In the 1980s, research continued to expand, and geophysical test sites expanded. A series of experiments on the active effects on ionospheric effects has been carried out. The ideology and layout of a multiparameter PC-based installation for automated measurement of electrical, magnetic and electromagnetic parameters of geophysical fields has been created. Created machine-readable data bank KMIO.
During the period of existence of the observatory a huge collection of geophysical data has been collected. The KMIO archive has available 24-hour measurements: variations of the T, H, Z, D, I component of the geomagnetic field and K perturbation indices since 1925, hourly values ​​and daily altitude graphs on 14 parameters of the ionosphere since 1969, EMR intensity from 1973, the intensity of the neutron component of cosmic rays since 1975, the latitudinal-longitudinal components of the ETP since 1981, the slopes of the earth's surface since 1972. Since 2010, measurements have been taken on the global positioning - GPS

The team of the observatory organized special expeditions to the epicentral zones of Alai-1974, Gazli-1976 and 1984, Isfara-Batken-1977, Tavaksai-1977, Nazarbek-1980, Chimon-1982, Papal-1984 , Kairakkum-1985, Spitak-1988 earthquake. The observatory participated in dozens of international and All-Union experiments on the problem of planetary geophysics: the International Geophysical Year since 1957, the Year of Active Sun since 1969, the Year of Calm Sun since 1974, MASSA since 1984, SSMGE since 1989, SANDILE since 1990 and others. According to the materials of the observatory, several hundreds of scientific articles, reports and four monographs were written, nine candidate and three doctoral dissertations were defended. It is difficult to overestimate the contribution of the staff of the MG Observatory. Ancelevich, L.E. Zarochentseva, M.N. Kuznetsova, E.B. Berdalieva, M.I. Kuznetsova, R.A. Zarochentseva, V.L. Saveliev and others in the development of the observatory. With their dedication, hard work and enthusiasm, they advanced the scientific level of geophysical research.

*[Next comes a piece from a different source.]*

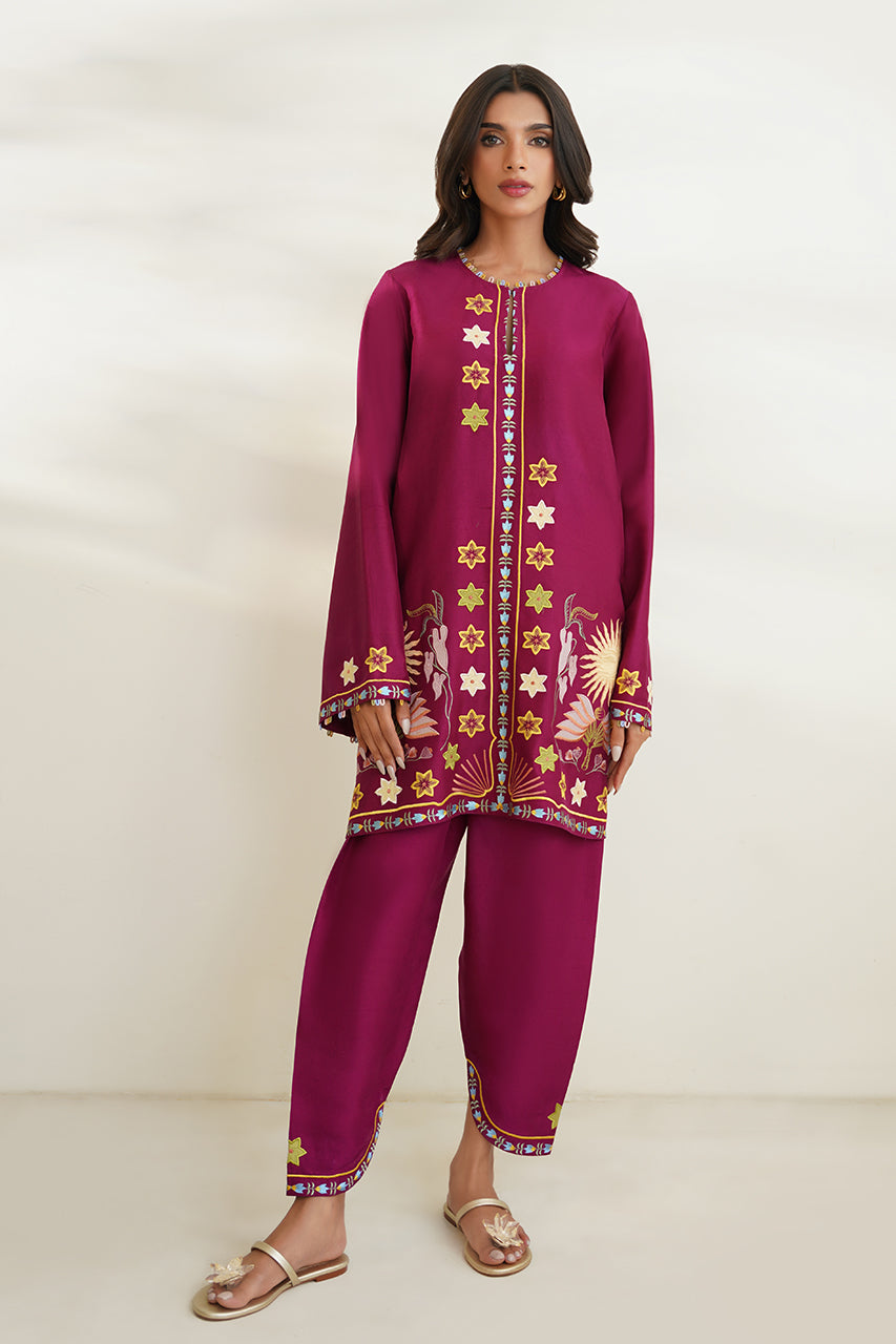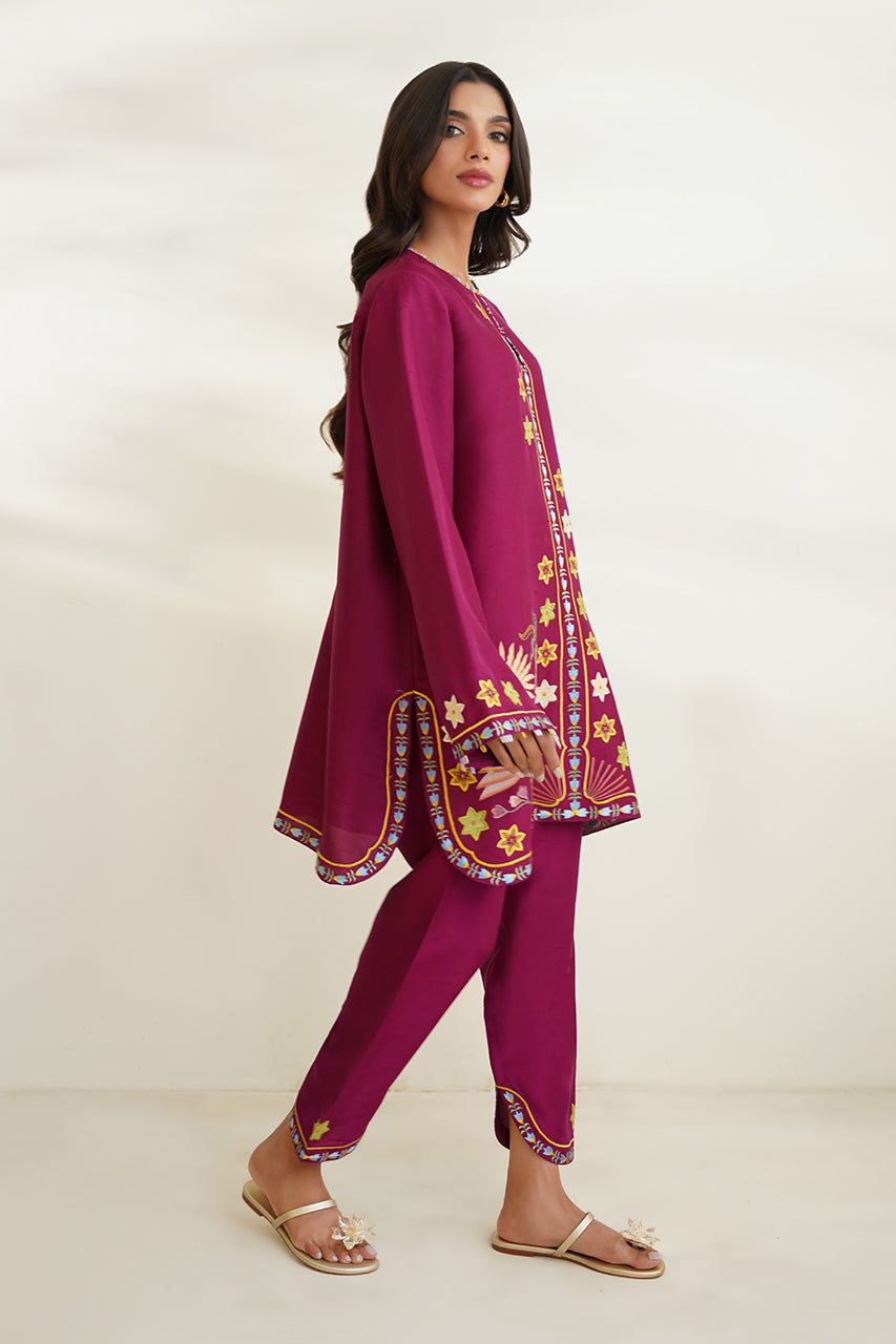 A mulberry rawsilk co-ord set featuring a top and shalwar is adorned with pastel hued embroidered details and appliqued accents.

At this stage, the observatory is being upgraded with modern automated digital equipment in all areas of research.
For the near future, a priority area of ​​research is the creation of a methodology and a system for monitoring changes in the stress-strain state of the earth's crust, identifying the most critical areas with predictive estimates of the probability of an earthquake in the medium and short term.

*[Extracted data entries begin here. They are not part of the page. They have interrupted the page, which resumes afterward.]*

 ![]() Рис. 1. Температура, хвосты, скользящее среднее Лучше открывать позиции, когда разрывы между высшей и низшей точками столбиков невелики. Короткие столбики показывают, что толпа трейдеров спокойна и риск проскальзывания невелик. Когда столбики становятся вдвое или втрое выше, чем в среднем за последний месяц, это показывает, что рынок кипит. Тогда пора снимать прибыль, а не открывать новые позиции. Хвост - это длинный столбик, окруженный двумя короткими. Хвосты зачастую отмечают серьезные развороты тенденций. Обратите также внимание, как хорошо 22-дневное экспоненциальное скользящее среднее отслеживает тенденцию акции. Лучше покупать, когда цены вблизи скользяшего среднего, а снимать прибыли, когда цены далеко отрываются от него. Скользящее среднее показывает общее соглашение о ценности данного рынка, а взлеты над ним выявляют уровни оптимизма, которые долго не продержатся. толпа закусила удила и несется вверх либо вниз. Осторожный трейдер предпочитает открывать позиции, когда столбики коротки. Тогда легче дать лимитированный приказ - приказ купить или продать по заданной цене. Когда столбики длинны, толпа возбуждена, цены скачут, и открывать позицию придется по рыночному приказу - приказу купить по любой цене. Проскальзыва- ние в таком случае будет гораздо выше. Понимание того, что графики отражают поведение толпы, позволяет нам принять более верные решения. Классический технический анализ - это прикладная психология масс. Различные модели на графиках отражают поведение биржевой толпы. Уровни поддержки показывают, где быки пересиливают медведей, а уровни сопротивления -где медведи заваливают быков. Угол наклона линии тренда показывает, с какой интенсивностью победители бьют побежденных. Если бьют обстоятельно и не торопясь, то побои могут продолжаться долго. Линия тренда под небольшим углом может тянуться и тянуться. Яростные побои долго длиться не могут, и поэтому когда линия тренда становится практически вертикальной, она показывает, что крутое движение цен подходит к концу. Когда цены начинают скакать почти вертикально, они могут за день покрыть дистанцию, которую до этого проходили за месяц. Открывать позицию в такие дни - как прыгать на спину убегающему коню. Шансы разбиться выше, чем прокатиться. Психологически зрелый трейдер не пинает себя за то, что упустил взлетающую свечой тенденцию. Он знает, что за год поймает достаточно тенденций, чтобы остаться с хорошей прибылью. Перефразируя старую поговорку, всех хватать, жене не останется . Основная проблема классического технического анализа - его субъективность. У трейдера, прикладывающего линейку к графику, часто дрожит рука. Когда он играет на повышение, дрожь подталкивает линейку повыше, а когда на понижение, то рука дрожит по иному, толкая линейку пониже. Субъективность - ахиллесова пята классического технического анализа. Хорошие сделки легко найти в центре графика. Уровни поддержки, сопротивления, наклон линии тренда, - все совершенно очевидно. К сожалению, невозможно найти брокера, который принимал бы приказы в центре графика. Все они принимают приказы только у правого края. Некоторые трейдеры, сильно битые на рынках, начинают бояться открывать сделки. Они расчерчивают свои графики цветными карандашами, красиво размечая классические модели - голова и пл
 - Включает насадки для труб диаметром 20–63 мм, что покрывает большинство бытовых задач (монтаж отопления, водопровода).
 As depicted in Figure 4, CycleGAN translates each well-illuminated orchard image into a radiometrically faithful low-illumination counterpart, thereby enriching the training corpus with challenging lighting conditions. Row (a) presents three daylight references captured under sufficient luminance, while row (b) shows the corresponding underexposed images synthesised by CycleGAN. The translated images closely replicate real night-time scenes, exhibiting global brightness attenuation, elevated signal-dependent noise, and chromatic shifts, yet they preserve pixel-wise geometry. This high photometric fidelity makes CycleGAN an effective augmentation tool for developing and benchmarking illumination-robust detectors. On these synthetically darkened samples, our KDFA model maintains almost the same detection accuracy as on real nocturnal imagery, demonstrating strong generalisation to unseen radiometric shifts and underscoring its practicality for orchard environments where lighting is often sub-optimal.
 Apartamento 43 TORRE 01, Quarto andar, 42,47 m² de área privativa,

Currently, the observatory operates in the form of a Unique Scientific Object (since 2003) and has a typical production complex (2 technical buildings, 5 magnetic pavilions and auxiliary facilities) with autonomous life support systems. Equipped with vertical sounding installations of the ionosphere of type AIS, 4 component magnetovarization stations with photo oscillographic recording, digital magnetovariational station like Kvarts-Zem, proton - precision magnetometers, station for measuring the intensity of cosmic rays.